STUDY MATERIAL:
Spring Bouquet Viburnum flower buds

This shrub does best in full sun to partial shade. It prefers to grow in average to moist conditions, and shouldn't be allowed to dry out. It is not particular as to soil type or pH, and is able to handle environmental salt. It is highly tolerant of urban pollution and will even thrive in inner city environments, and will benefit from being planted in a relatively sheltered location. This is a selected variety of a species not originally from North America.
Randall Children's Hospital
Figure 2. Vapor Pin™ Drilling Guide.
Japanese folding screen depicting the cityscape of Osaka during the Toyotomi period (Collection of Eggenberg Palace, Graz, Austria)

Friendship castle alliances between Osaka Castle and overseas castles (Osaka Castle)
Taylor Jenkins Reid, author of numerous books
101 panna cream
==
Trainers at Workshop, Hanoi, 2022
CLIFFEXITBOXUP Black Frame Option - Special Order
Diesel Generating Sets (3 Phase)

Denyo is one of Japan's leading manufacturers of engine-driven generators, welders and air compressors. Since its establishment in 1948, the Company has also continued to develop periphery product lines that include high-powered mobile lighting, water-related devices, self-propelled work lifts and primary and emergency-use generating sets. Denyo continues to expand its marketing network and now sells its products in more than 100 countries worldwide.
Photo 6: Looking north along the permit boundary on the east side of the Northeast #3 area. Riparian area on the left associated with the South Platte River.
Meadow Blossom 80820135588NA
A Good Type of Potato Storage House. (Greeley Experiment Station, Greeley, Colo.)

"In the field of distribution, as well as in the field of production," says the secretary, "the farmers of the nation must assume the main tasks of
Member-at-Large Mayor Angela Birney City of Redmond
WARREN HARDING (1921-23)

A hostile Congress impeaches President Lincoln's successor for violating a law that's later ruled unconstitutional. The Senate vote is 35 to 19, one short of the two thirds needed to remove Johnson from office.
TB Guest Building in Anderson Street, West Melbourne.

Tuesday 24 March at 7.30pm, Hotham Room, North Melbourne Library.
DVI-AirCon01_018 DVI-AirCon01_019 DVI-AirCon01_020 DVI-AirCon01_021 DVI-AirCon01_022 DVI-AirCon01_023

DESCRIPTION OF THE TASK:
Filter the records for the string "from" and copy every line that holds it.

ANSWER TO THE EXERCISE:
This shrub does best in full sun to partial shade. It prefers to grow in average to moist conditions, and shouldn't be allowed to dry out. It is not particular as to soil type or pH, and is able to handle environmental salt. It is highly tolerant of urban pollution and will even thrive in inner city environments, and will benefit from being planted in a relatively sheltered location. This is a selected variety of a species not originally from North America.
A hostile Congress impeaches President Lincoln's successor for violating a law that's later ruled unconstitutional. The Senate vote is 35 to 19, one short of the two thirds needed to remove Johnson from office.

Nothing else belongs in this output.